▶ EXTRACTED INFORMATION
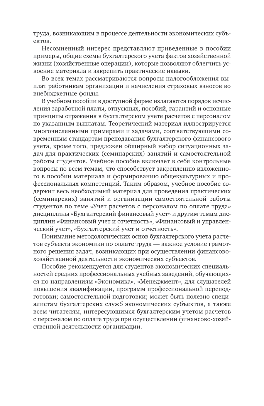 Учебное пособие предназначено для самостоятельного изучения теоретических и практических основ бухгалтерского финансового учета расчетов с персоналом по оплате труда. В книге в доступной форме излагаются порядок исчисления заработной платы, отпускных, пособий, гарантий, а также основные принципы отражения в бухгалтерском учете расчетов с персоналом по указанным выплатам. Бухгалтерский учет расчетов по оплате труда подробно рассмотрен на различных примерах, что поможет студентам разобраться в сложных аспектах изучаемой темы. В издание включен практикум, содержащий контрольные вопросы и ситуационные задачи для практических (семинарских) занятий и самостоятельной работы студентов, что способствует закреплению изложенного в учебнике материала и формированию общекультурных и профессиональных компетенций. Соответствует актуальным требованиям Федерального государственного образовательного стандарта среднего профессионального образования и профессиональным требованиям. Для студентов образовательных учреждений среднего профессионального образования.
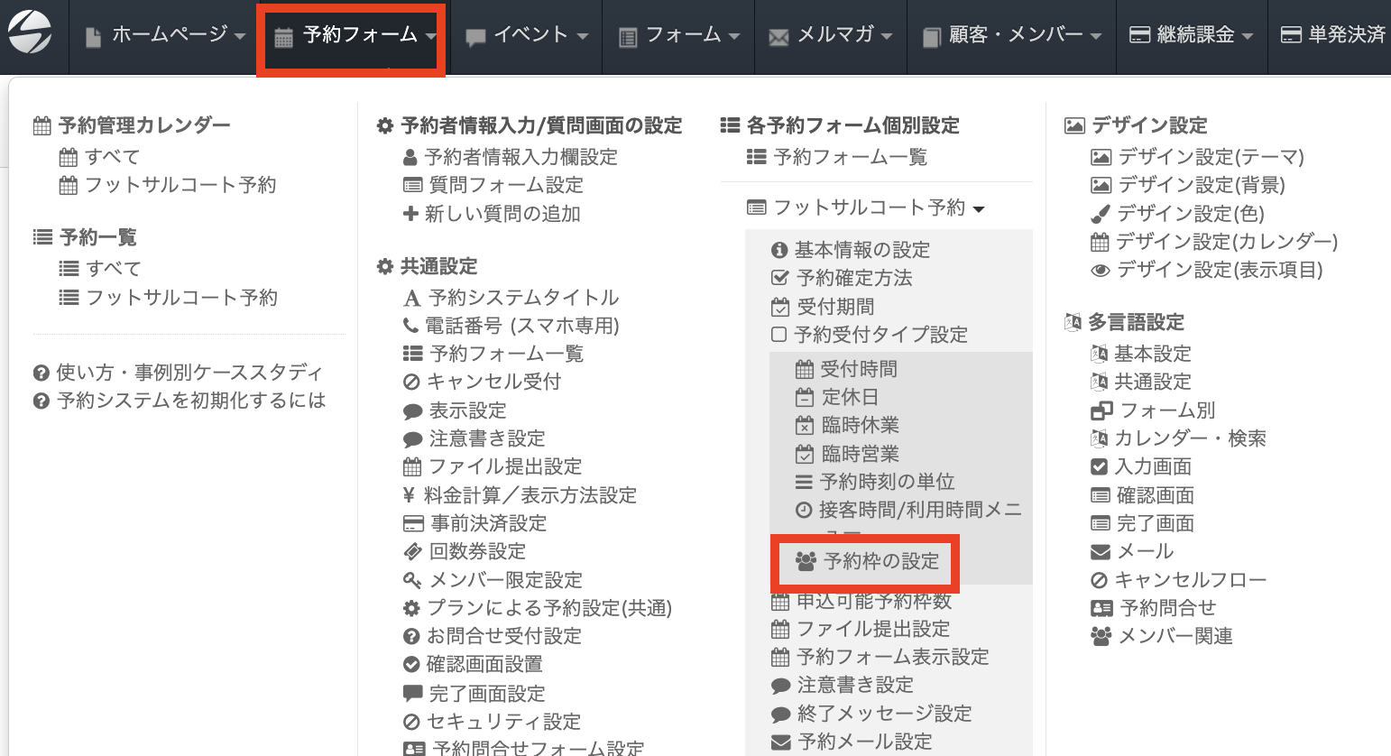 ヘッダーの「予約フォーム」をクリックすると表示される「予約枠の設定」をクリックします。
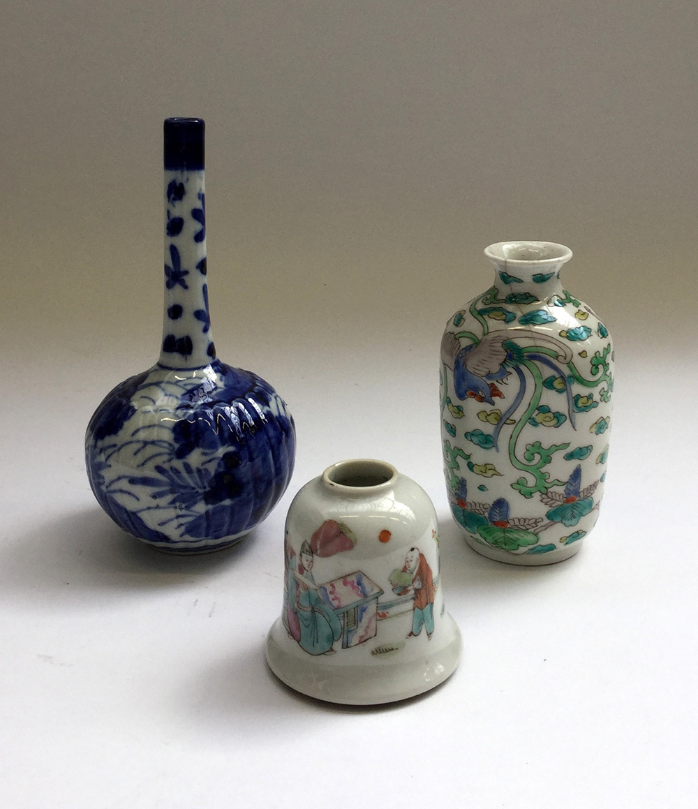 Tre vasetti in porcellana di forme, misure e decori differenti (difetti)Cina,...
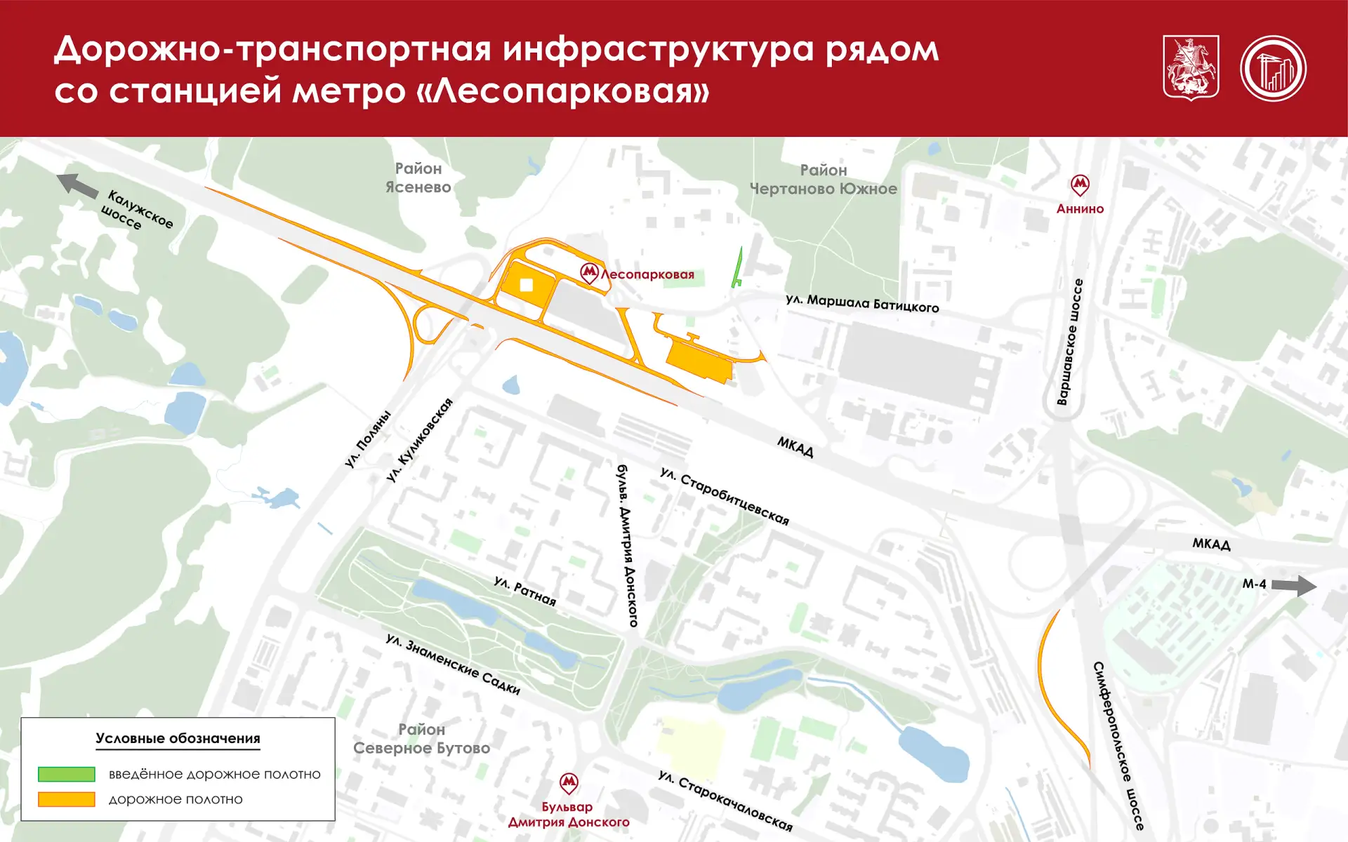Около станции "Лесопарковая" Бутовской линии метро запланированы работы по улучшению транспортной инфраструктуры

--

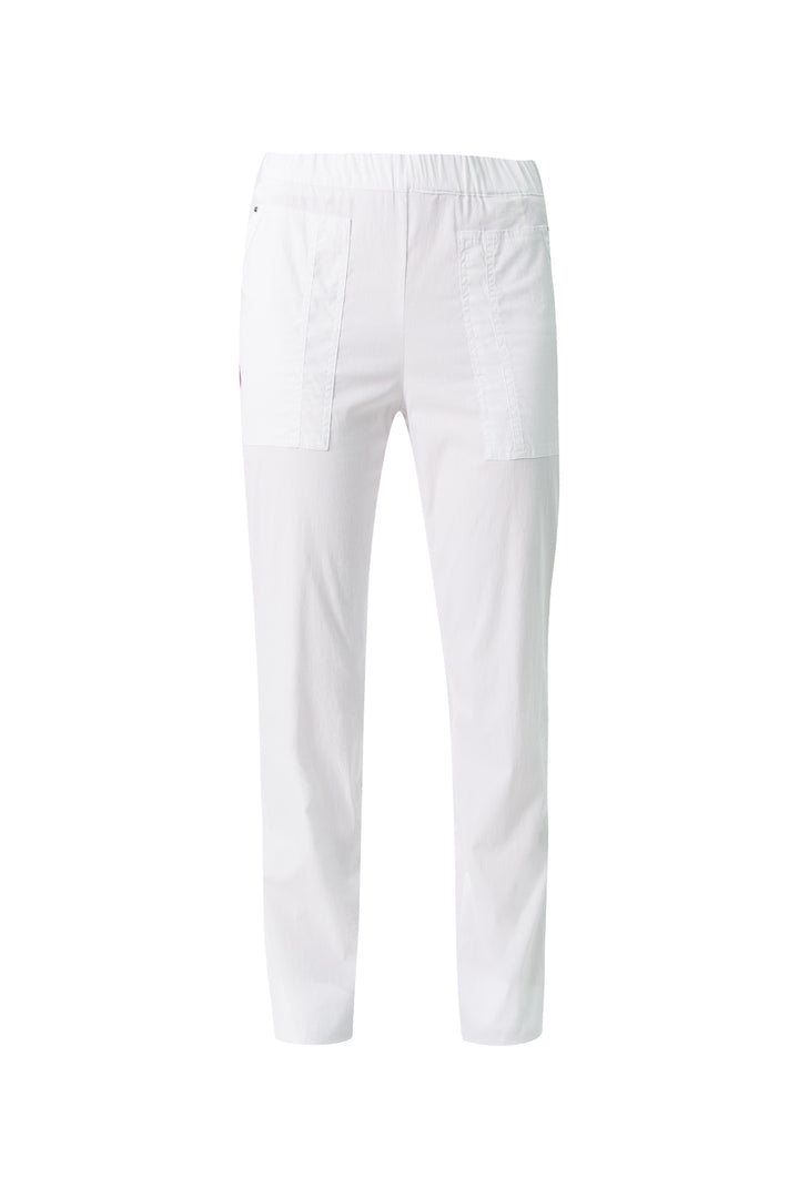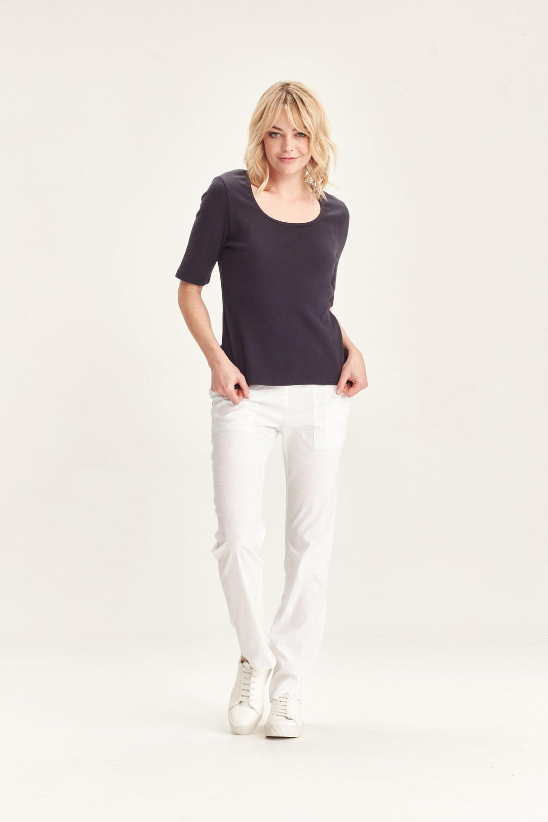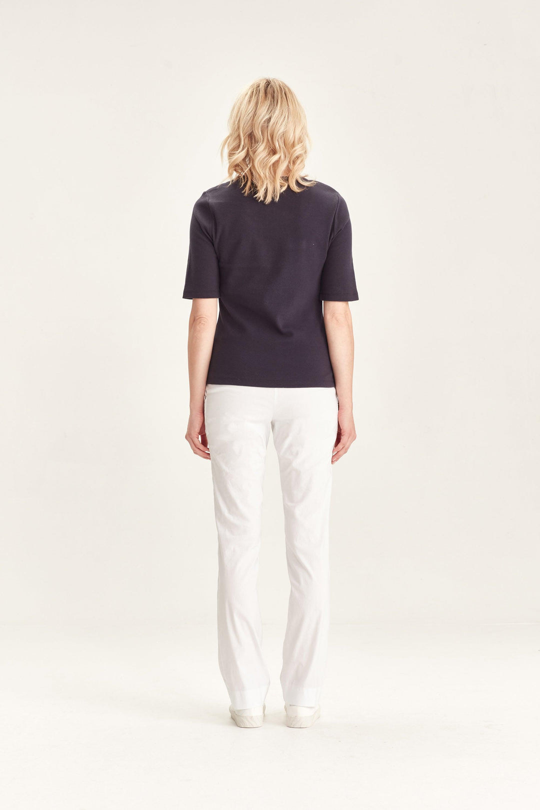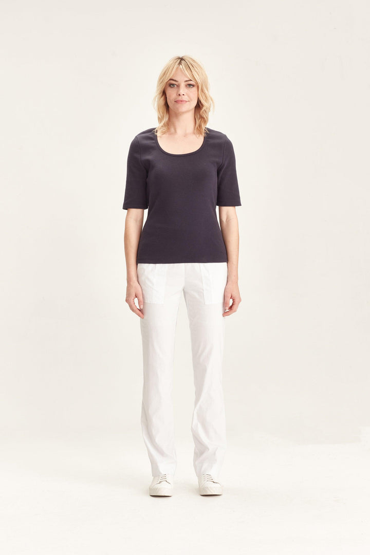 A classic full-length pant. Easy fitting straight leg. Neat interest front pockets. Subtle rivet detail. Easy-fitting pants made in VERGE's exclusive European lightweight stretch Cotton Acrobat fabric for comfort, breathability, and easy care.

--

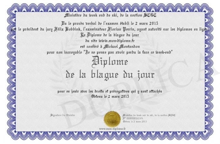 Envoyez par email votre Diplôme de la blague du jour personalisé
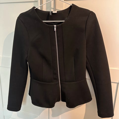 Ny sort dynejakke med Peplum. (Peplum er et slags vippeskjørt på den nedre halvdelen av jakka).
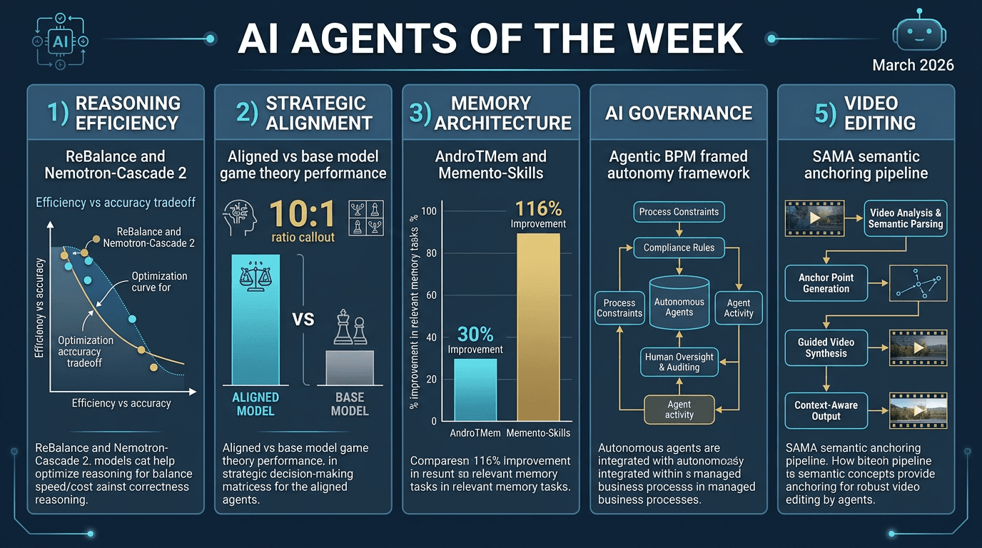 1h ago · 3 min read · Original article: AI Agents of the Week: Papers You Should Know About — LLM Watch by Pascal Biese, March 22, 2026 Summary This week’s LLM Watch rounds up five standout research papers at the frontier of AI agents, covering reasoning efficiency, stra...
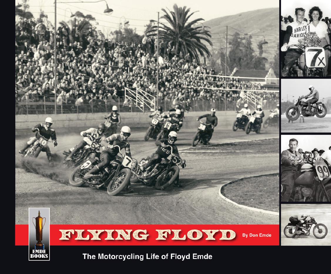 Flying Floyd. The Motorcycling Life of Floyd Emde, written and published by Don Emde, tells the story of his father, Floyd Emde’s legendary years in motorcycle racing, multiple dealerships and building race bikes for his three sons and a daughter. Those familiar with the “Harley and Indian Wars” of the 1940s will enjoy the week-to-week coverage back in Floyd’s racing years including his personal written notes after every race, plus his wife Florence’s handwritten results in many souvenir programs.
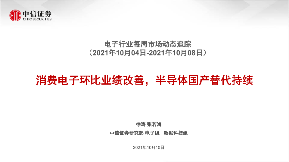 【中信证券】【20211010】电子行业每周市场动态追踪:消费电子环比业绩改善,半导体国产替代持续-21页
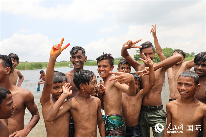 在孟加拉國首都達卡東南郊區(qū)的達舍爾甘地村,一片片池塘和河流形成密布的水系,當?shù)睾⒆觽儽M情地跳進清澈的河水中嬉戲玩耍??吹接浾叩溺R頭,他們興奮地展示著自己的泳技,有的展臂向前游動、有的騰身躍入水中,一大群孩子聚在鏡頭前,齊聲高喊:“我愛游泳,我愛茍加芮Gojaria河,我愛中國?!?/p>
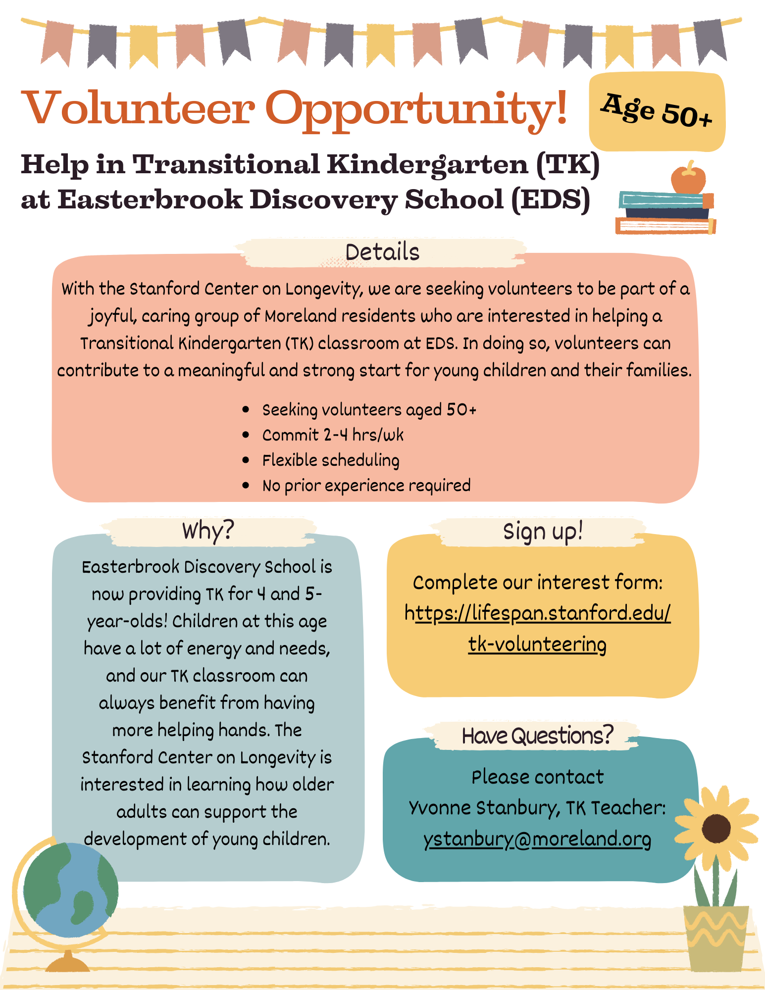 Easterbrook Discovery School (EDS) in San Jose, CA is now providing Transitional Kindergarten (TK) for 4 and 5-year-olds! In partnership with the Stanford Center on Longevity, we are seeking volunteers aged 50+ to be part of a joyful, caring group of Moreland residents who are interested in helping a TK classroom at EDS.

▶ WHAT TO WORK ON
With the pictures omitted, restate word for word the lines above from the line that has "Учебное пособие предназначено" up to and including the line that has "улучшению транспортной инфраструктуры", and no other lines.

▶ TASK OUTPUT
 Учебное пособие предназначено для самостоятельного изучения теоретических и практических основ бухгалтерского финансового учета расчетов с персоналом по оплате труда. В книге в доступной форме излагаются порядок исчисления заработной платы, отпускных, пособий, гарантий, а также основные принципы отражения в бухгалтерском учете расчетов с персоналом по указанным выплатам. Бухгалтерский учет расчетов по оплате труда подробно рассмотрен на различных примерах, что поможет студентам разобраться в сложных аспектах изучаемой темы. В издание включен практикум, содержащий контрольные вопросы и ситуационные задачи для практических (семинарских) занятий и самостоятельной работы студентов, что способствует закреплению изложенного в учебнике материала и формированию общекультурных и профессиональных компетенций. Соответствует актуальным требованиям Федерального государственного образовательного стандарта среднего профессионального образования и профессиональным требованиям. Для студентов образовательных учреждений среднего профессионального образования.
 ヘッダーの「予約フォーム」をクリックすると表示される「予約枠の設定」をクリックします。
 Tre vasetti in porcellana di forme, misure e decori differenti (difetti)Cina,...
Около станции "Лесопарковая" Бутовской линии метро запланированы работы по улучшению транспортной инфраструктуры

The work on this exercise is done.